What you should do - Give again only what runs from the line with "Начать стоит с" to the final line of the entries below, exactly as written and without pictures.
■ ■ ■ ■ ■ ■ ■
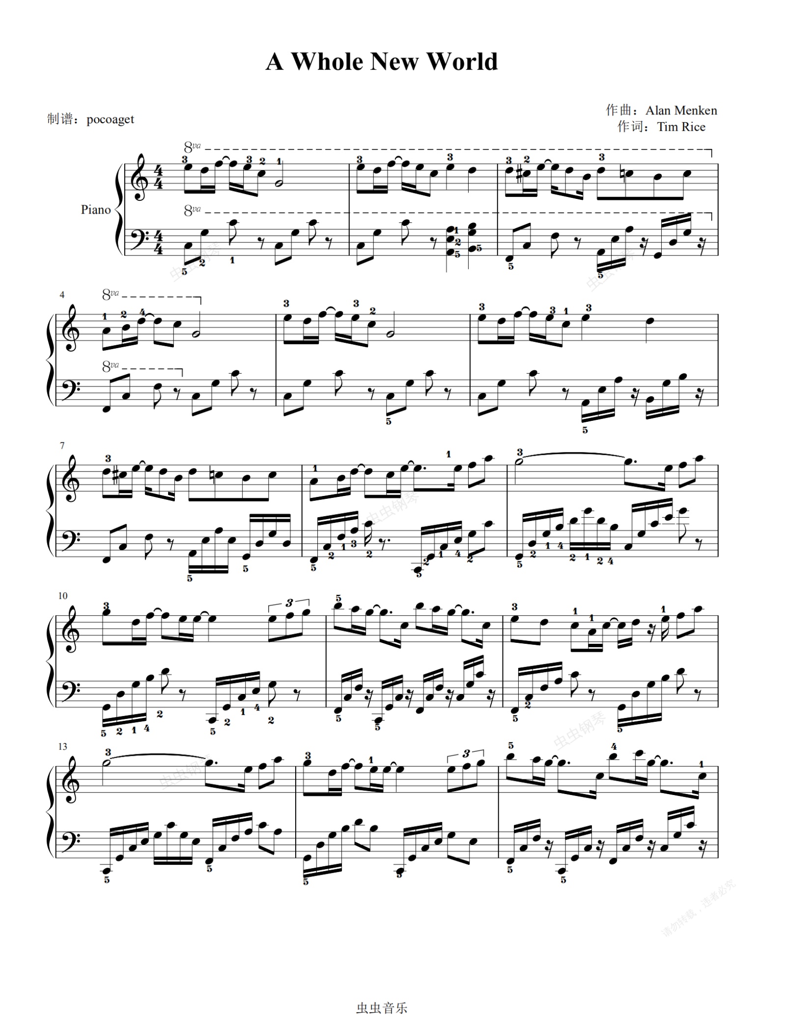 钢琴谱:《A Whole New World》阿拉丁神灯主题曲。(poc编配)
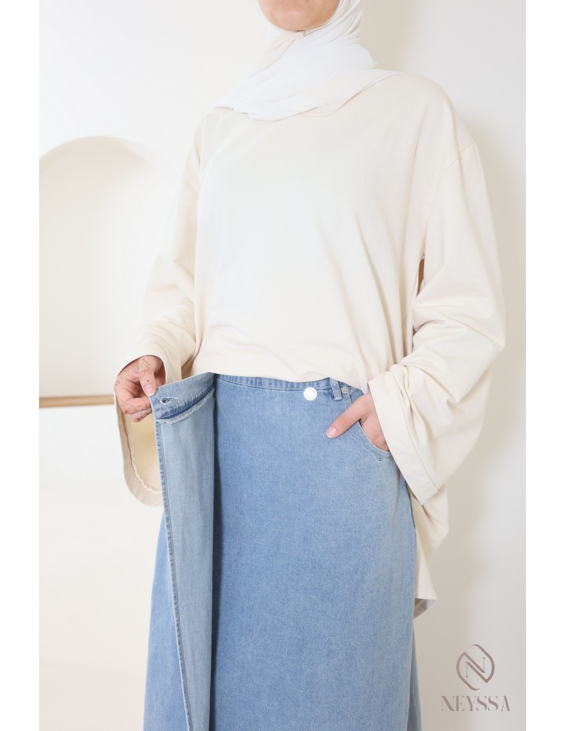 Nous avons celle qui vous faut ! Optez pour cette jupe longue portefeuille jean brut droite dans notre catégorie prêt à porter hijabi tendance.
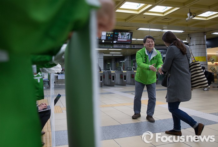 (서울=포커스뉴스) 총선 선거운동이 공식적으로 시작된 31일 오전 안철수 국민의당 노원병 후보가 서울 노원구 수락산역 역사 내에서 지역 주민들에게 출근 인사를 하고 있다.
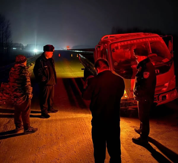 2024年11月27日20時(shí)許,家住哈爾濱市的個(gè)體司機(jī)王先生駕駛自營(yíng)奧鈴牌貨車行駛至哈肇高速銀山服務(wù)區(qū)附近時(shí),因粗心大意未做好車輛日常檢查,再加上道路冰雪濕滑,致使右側(cè)前輪脫落10余米,車輛發(fā)生單方事故。接到求助后,民輔警迅速協(xié)調(diào)因道路結(jié)冰封閉的哈肇高速,第一時(shí)間進(jìn)入高速公路開(kāi)展施救。到達(dá)現(xiàn)場(chǎng)后,民輔警一邊安撫群眾情緒,一邊查看車輛輪胎情況并詢問(wèn)車主是否還有備胎。同時(shí)聯(lián)系救援拖車,將事故車輛拖至安全路段。受冷空氣影響,因剛下過(guò)大雪,夜間溫度極低。但民輔警絲毫沒(méi)有受嚴(yán)寒天氣影響,考慮到群眾回家的急切心情,無(wú)一人嫌麻煩和放棄。經(jīng)過(guò)近半個(gè)小時(shí)的不懈努力,終于幫群眾將車帶離事故區(qū)域。
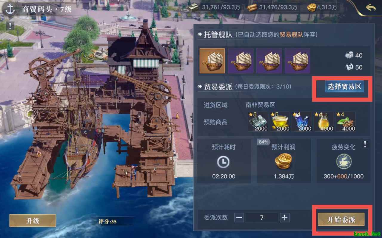 (3)贸易委派 难度系数:★☆☆☆☆ 推荐指数:★★★☆☆ 每日贸易委派的次数会随着商贸码头的等级提升而不断增加,贸易收入同样会随着托管舰队的属性及商贸码头等级不断提升。虽然贸易委托不需要我们手动操作,可以在后台挂机完成,但是收益较低。建议肝帝玩家们每日依靠自由贸易耗尽疲劳值上限,不要进行贸易委派。
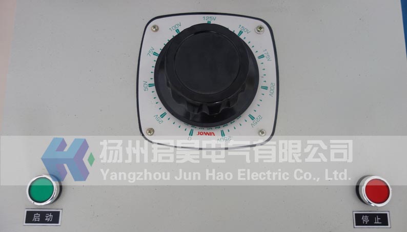 3、接通電源,綠色指示燈亮,按下啟動按鈕,紅色指示燈亮,表示變壓器已通電,等待升壓;
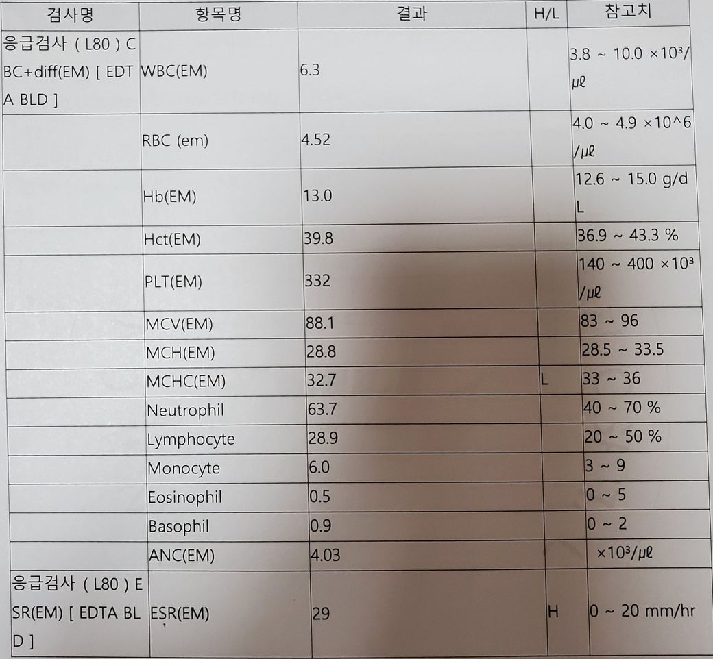 혈액 검사에서 일반 혈액 검사에서 백혈구 6300, Hb: 13.0, 혈소판: 332k 로 정상에
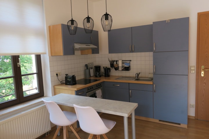Tá an áit ghalánta seo le fanacht foirfe do lánúineacha agus do theaghlaigh. Tá sé inrochtana, ciúin, le páirceáil saor in aisce díreach os comhair na réadmhaoine. Tá téamh faoi urlár ann freisin, leaba earraigh bosca, teallach, teilifís chliste, Wi - Fi, cosaint feithidí ar an bhfuinneog agus cistin nach bhfágann rud ar bith le bheith inmhianaithe. Tá an ceantar oiriúnach don fhánaíocht agus don rothaíocht. Is féidir príomhchathair chultúrtha Chemnitz, caisleáin Augustusburg agus Lichtenwalde a bhaint amach i gcarr i gceann thart ar 10 nóiméad.
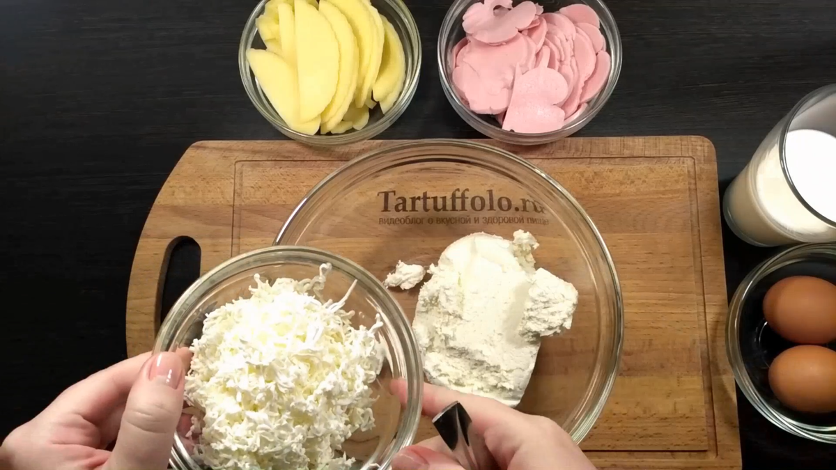 Начать стоит с творога и сыра. Творог можно оставить как есть, а сыр желательно натереть на мелкой терке или размять вилкой, если это фета. Затем в отдельной посуде разбить два яйца, добавить по вкусу соль и перец. Влить 150 мл молока: сначала половину, тщательно перемешать, чтобы не образовались комочки, после чего добавить вторую часть и снова перемешать до однородной массы.
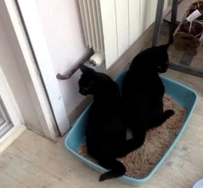 Moi c’est Spy, je suis l’élégant et longiligne chat noir et blanc sur les photos. Je suis un chaton dynamique plein de peps. Le petit costaud tout noir sur les photos avec moi c’est mon frère Sashimi. Il est super gourmand et n’hésite pas à aller piquer dans ma gamelle ce qui explique ses rondeurs. Il est de nature, plus posé. Nous sommes un peu comme le yin et le yang.
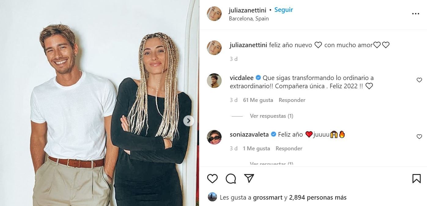 “¡Que sigas transformando lo ordinario a extraordinario! Compañera única. ¡Feliz 2022!”, le escribió Vico con un corazón a Julia Zanettini, una bella y joven modelo de 25 años que, ups, viene de vivir una relación de tres años con otro guapísimo actor con pasado de galancito: Benjamín Alfonso.
■ ■ ■ ■ ■ ■ ■
Written response -
 Начать стоит с творога и сыра. Творог можно оставить как есть, а сыр желательно натереть на мелкой терке или размять вилкой, если это фета. Затем в отдельной посуде разбить два яйца, добавить по вкусу соль и перец. Влить 150 мл молока: сначала половину, тщательно перемешать, чтобы не образовались комочки, после чего добавить вторую часть и снова перемешать до однородной массы.
 Moi c’est Spy, je suis l’élégant et longiligne chat noir et blanc sur les photos. Je suis un chaton dynamique plein de peps. Le petit costaud tout noir sur les photos avec moi c’est mon frère Sashimi. Il est super gourmand et n’hésite pas à aller piquer dans ma gamelle ce qui explique ses rondeurs. Il est de nature, plus posé. Nous sommes un peu comme le yin et le yang.
 “¡Que sigas transformando lo ordinario a extraordinario! Compañera única. ¡Feliz 2022!”, le escribió Vico con un corazón a Julia Zanettini, una bella y joven modelo de 25 años que, ups, viene de vivir una relación de tres años con otro guapísimo actor con pasado de galancito: Benjamín Alfonso.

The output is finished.